“People come into our lives for a reason, a season or a lifetime.” – Unknown
There are times in the dating process where you might have a slew of bad dates, crazy people, drama, men who can’t commit or unfulfilling relationships. If you go through enough of them—you might think there’s something wrong with you. I want to turn it around and suggest that the process of having bad dates can be very effective in helping you find your best match.
How do I know this? Because not only have I experienced the process of bad dates to show me what I want and need, but my clients have too. All these things are purposeful in dating. Why? Whereas dating is trial and error, guess who’s actually getting educated? You!
Remember when you were just starting to date? You were likely a teenager. At this age you don’t know what you want. Then you start getting involved with a person and you date for a while; maybe it evolves into a long term relationship. You start to rack up data on what you don’t want. Knowing what you don’t want—when you’ve applied thinking to it—along with your core needs and values will lead you to what you want. This is why the values exercise built into my coaching program is so far-reaching.
When you have a clear vision of what you do want—you’re just a step away from your perfect match.
When I ask others what was different when they found their true match, they say, “It was so easy.
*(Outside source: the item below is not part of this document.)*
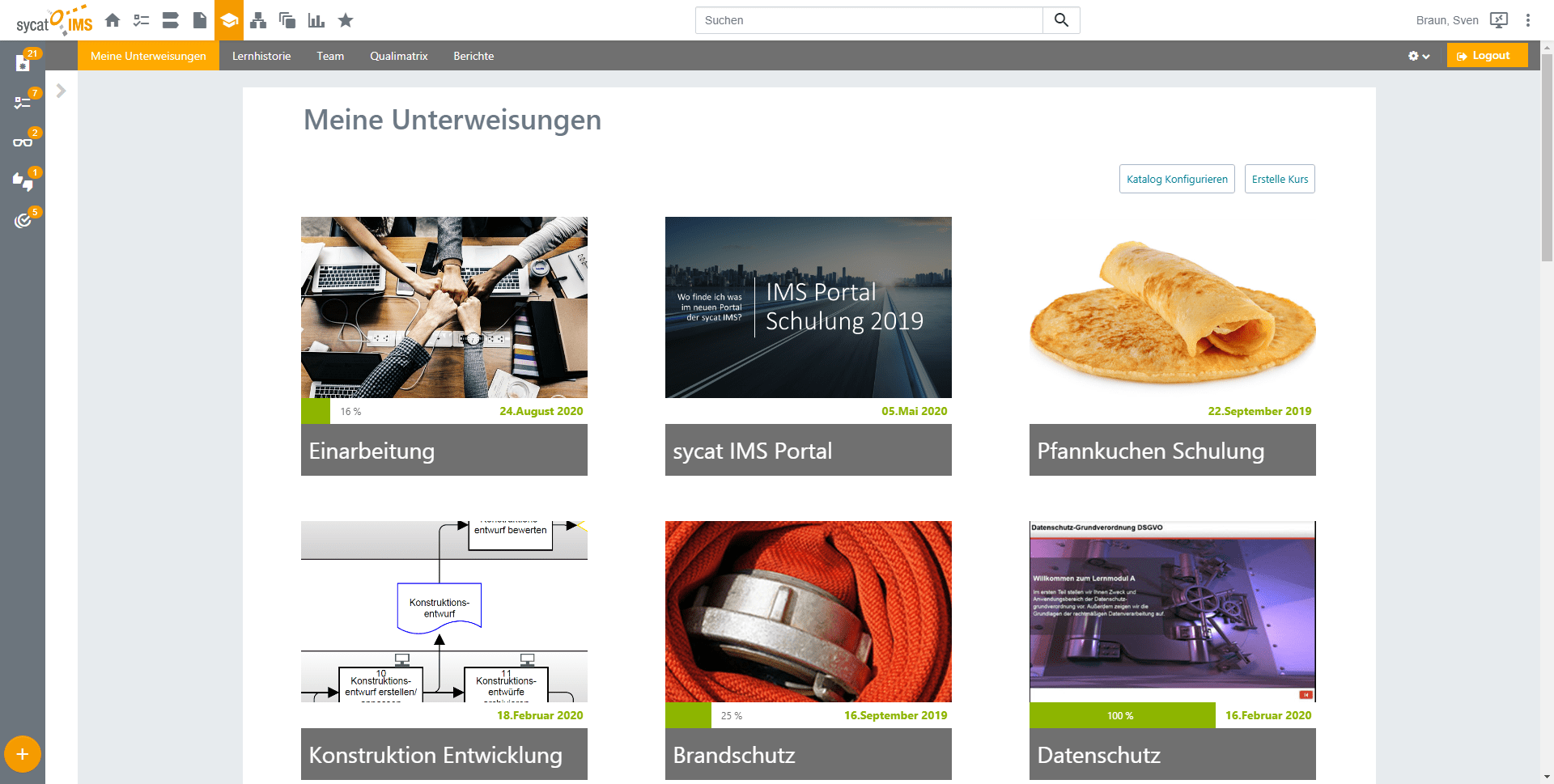 • Persönliche Dashboards mit zu tätigenden Unterweisungen und Kursen sowie Fortschrittsanzeigen

It was effortless. I can’t believe all the years I spent trying to put a square peg in a round hole; all the tears, drama and confusion I went through.”
Why would dating involve all of that? It’s suppose to be fun, after all. Because you’ll never know easy until you know hard. You’ll never get to clarity until you know what you don’t want.
I have a slightly different twist on the saying, “Love happens when you’re not looking.” Love happens when you’ve taken in all the data from your experiences and stored it in your memory bank. It then generates a prototype for the man who will now be your most aligned partner. In that awareness, you start doing something amazing—you start passing on partners. You go on a date and say, “No, that doesn’t work. Seen that—done that.”
Pass. Pass. Pass. Um—no—pass.
You start closing doors. Why? Because you’re clear. You know what you want and need. Then in this incredible moment where most give up, they don’t give up wanting what they want, they just start living their life. They say, “I still want love. I’m going to put it over here, though. I’m going to see my friends. I’m going to take up that hobby. I’ve always wanted to learn Spanish. I’ve always wanted to go on a safari in Africa.” They live their lives. In that relaxed state, where all the factors are collected in that data, they turn around one day and meet someone. Voila!
Relaxed, complete with information and having passed on the repeats they’ve seen and things they know don’t work for them. If you ever get frustrated, remember all of the dates you’ve gone through are purposeful. The reason for having some bad dates is indeed to show you what you want and need. No one can know what they don’t know until they walked through the physical experiences. This is how you come to your final destination. The person who is suppose to be your most aligned partner.